Kittens*and*Butterflies
Well said.
Anonymous
My mother spent thousands of dollars she doesn’t have on very luxe and very useless gifts for me. I asked her to return at least some of this stuff and she said it’s not returnable, but really that means she doesn’t want to return it. The retailer requires the OG packaging and the slip, which I don’t have, and they don’t have brick and mortars in this country so I can’t even beg and plead with a person to take this stuff back. There is no real resale market. She’s done this before but not on this level; it’s usually a few hundred not a few thousand dollars of waste.
My mother won’t admit this to me, but I know my brother gives her money every month. He will be furious at me for accepting the gifts. I asked her to please return at least some of the stuff, I’ll even help, but she continues to lie that it’s not returnable. Meanwhile my husband thinks I’m being ungrateful. My stepdad thinks I’m a spoiled brat because my mother spends so much and I don’t appreciate it. Basically, I’m in the doghouse with every important man in my life. I have tried to talk to her, there is no getting through to her. I seriously want to shred all her credit cards. Is there anything I can do?
Anon
At some point you have to accept that your mother is going to spend money the way she wants to spend money.

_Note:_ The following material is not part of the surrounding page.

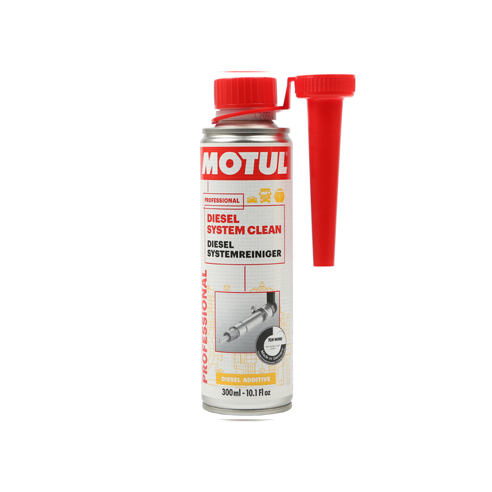 Prípravok pridajte do plnej nádrže paliva. Prípravok Motul Diesel System Clean čistí od usadenín vstrekovací aparát i vstrekovacie trysky. Obsahuje špeciálne mazacie látky, ktoré mažú vysokotlaký systém, čím zabraňuje tvorbe miniatúrnych kovových špôn, ktoré pridierajú vstrekovacie trysky. Odporúča sa prípravok používať každú druhú plnú nádrž. Prípravok odstraňuje nánosy z ventilov. Prípravok dokonale vyčistí celý spaľovací priestor diesel motora.
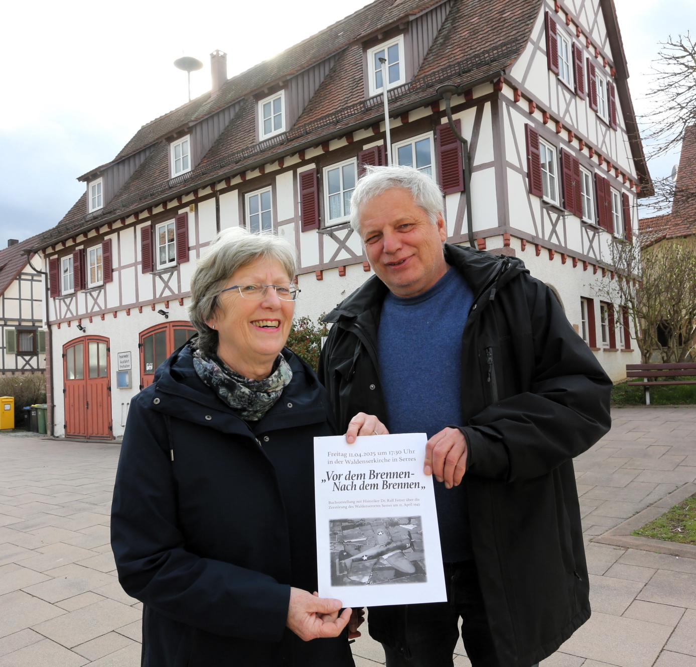 Cornelia Schuler und Dr. Ralf Fetzer präsentieren das Buch vor dem neuen Rathaus, das heute an Stelle der alten Zehntscheuer steht. Foto: Küppers

It’s time to drop it over this year’s gifts. There’s a reason you’re in the doghouse with just about everyone else. Stop it now.
anon
You don’t need to mention that you know he gives her money, but I’d at least tell your brother that you’ve asked her to return the gifts.
Kittens*and*Butterflies
+1
No Problem
Have you told your brother what your mom bought you, and how much it cost? Does he know that this is how she’s spending the money he gives her, and does he approve? And your stepdad should be told that unless the purpose of the money from your brother is to buy you thousands of dollars of useless gifts, he should be agreeing with you that your mother should be putting that money toward her living expenses instead of extravagant gifts you never asked for and don’t want.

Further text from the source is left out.